Oh, well. Let’s carry on.

Apparently censorship isn’t the literal attack and attempted dismantling of newspapers that challenge the official narrative, as any fair reading of the word might suggest. No, it is the dissent from orthodoxy that is labeled censorship in this newest of Orwellianisms.

Opinion pages aren’t echo chambers. In the best of worlds, they publish original ideas, factually supported and logically structured, on any topic—especially those deemed unpopular to most. Rather than cater to the demands of the most vocal activists of the day or the values of the silent majority of their readership, opinions pages present arguments and viewpoints that uplift, depress, excite, and enrage us—not to comfort us in the righteousness of our own beliefs, but to confront them, their messy contradictions and shaky assumptions, head-on.

All that is to say that the sins of the op-ed, or whatever you hallucinate the sins of the op-ed to be, do not redound upon the newspaper. To shy away from opposing ideas and discomforting questioning may be a personal preference, but foisting one’s inflexibility on the rest of us is an entirely different matter.

It’s disappointing then that the Argus editors have largely acquiesced to the criticism, rather than forcefully denouncing its wrongheadedness.
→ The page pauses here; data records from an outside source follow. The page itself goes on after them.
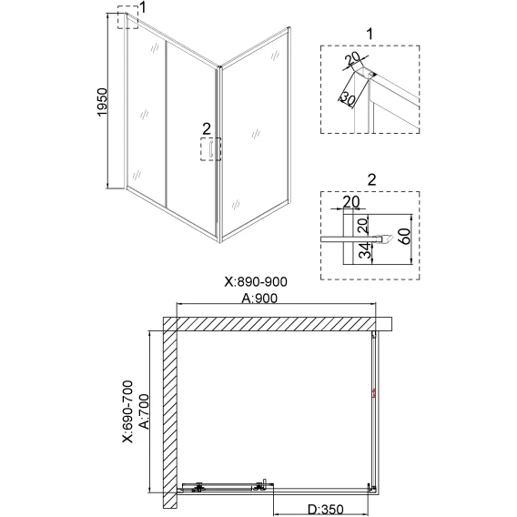 Душевой уголок 90x70 см Niagara NG-42-9AG-A70G прозрачное
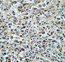 Immunohistochemistry: Formalin-fixed and paraffin-embedded Human spleen carcinoma tissue stained with ARG56554 anti-Ribonuclease T2 antibody.
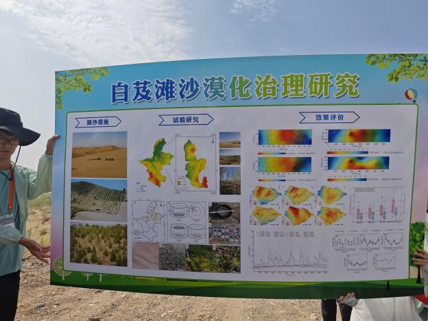 随后在灵武白芨滩国家级国家自然保护区,我校展秀丽老师就白芨滩沙漠化治理研究进行介绍,重点介绍了“草方格”固沙技术及其相关科研成果。
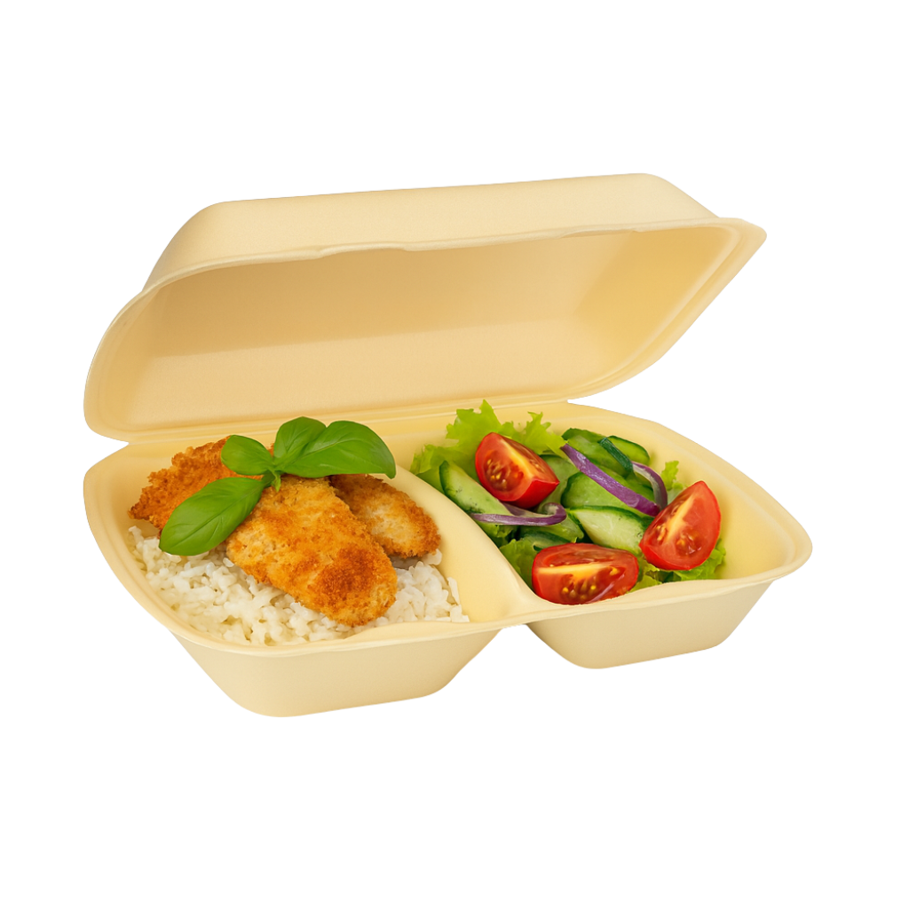 Die Menübox Indeplastik zweigeteilt bietet mit zwei getrennten Kammern die optimale Lösung, wenn Beilagen und Hauptspeisen getrennt bleiben sollen. Ob Curry mit Reis, Fleisch mit Gemüse oder Pasta mit Salat – dank der stabilen Konstruktion und der hohen Isolierfähigkeit bleibt jedes Gericht frisch und appetitlich. Die Box ist lebensmittelecht, leicht stapelbar und erfüllt gängige Hygieneanforderungen – perfekt für Restaurants, Caterer und Lieferdienste.
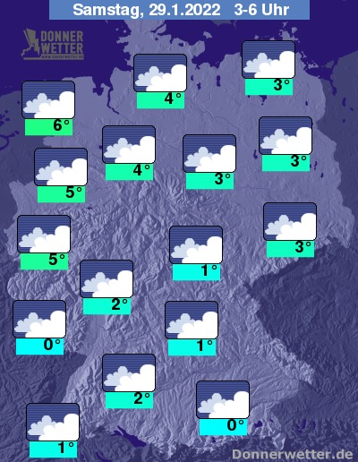 In der Nacht zum Samstag ist der Himmel über der Republik weitgehend wolkenverhangen, dazu bleibt es zum Großteil trocken. Jedoch zieht im Nachtverlauf ein kleiner Tiefausläufer mit etwas Regen über den Norden Deutschlands hinweg. Die Temperatur sinkt auf 6 Grad an der Nordsee und bis 0 Grad im Berchtesgadener Land.
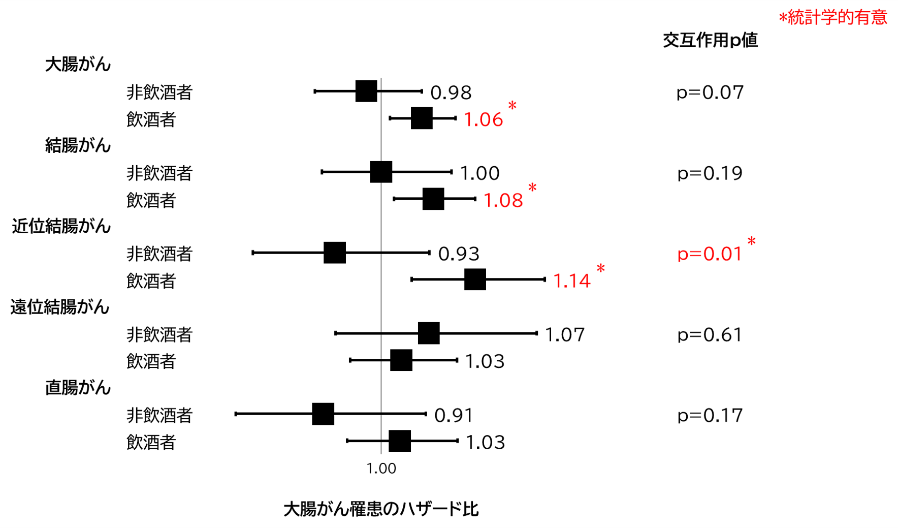 図2. DIIと大腸がん罹患リスクにおける飲酒習慣の有無による交互作用
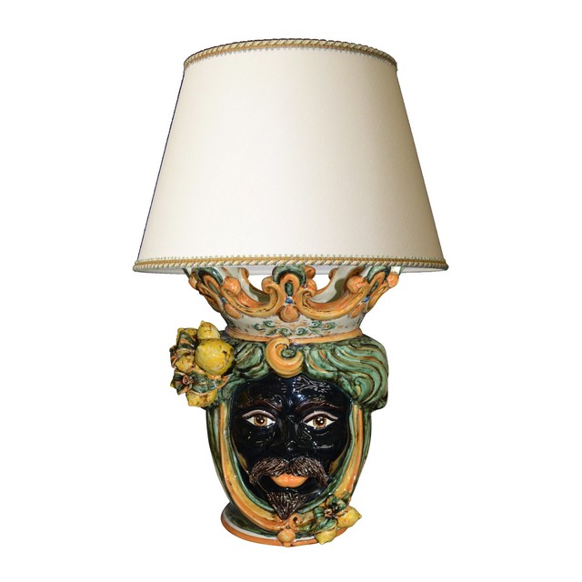 Lume a testa h 40 limoni verde/arancio maschio moro (h70 c/paralume Ø45)
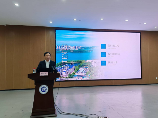 会上,校长曾祥君以“把青春华章写在最美校园”为主题,从“我们的大学、我们的目标、我的大学”三个方面与新生畅聊,帮助新生熟悉大学环境,明确奋斗目标。同时,他还从学校的根本任务、学校校训精神、办学理念与历程、教学科研成果等方面,介绍了学校的发展与建设情况。他勉励学生,做到“五好”--德康能知美,坚持“五守”--守时守序守信守纪守法,在大学期间要下苦功夫求真学问。他期望大家在大学期间做到“四自”和“四会”,即自我管理、自我服务、自我教育、自我监督;学会做人、学会做事、学会与人相处、学会学习。
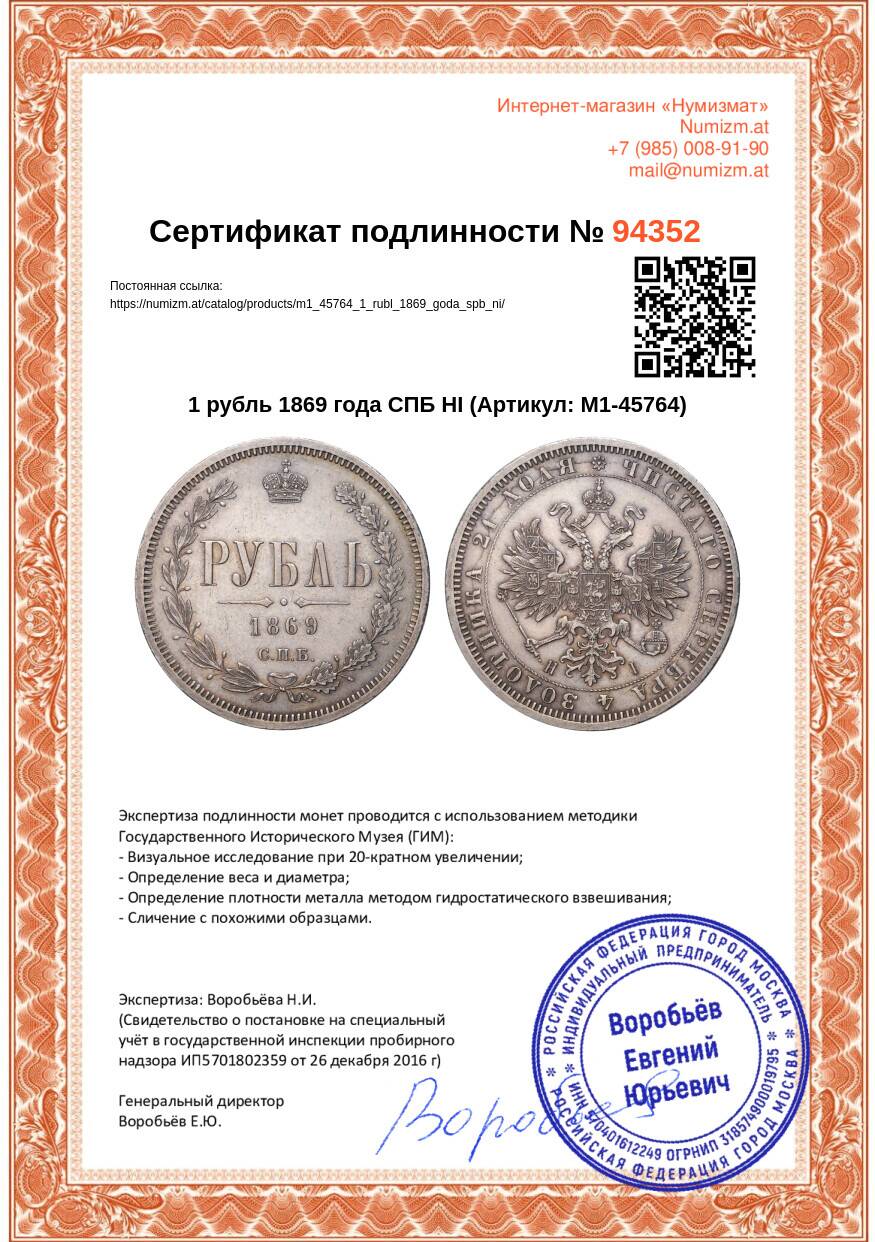 Купить 1 рубль 1869 года СПБ НI по привлекательной цене можно в нашем интернет-магазине — Вам достаточно оформить заказ на сайте. Все монеты, представленные в каталоге, находятся в наличии на нашем складе.

A front-page editorial apologized “for the distress the piece caused the student body” and its “position of power on campus.”

“We failed the community on Tuesday in many ways.” They promise to publish a “Black Out issue” written entirely by students of color.

No. There was a chance there to stand for something, for the hard-fought gains of the free speech movement that are now threatened everywhere from Michigan to California, rather than kowtowing.

The newspaper only failed its community when it refused to stand up for itself. Those extremists who would shut down an entire paper rather than be challenged by a single article are just that—extremists.

The newly conjured right to avoid offense is inherently impossible to satisfy. And we shouldn’t try to either. No, mandatory “social justice trainings” won’t prevent you from ever being discomforted, and offering front-page space to people of color is a half-baked idea without any precedent in journalism.

The theory of separate spaces for people of color is predicated on the inaccessibility of traditional spaces to us, an assumption that doesn’t hold in the case of newspapers that, to my knowledge, do not limit applications to whites only. To sequester people of color into a designated section wrongly implies that they could not have been printed otherwise—and I’d rather publish this column under the same banner as my peers than in a separated special box.

On campuses across the country, the mantle of progressivism has been seized by the illiberal and illogical, by people whose philosophies are so shaky that they feel required to shut down and censor voices of dissent. And if that remains the case, if rightly-intended movements continue to be co-opted by Stalinist factions, then those movements will fail.

It’s as simple as that.


Idrees M. Kahloon ’16, a Crimson editorial executive, is an applied mathematics concentrator in Dunster House. His column runs on alternate Tuesdays.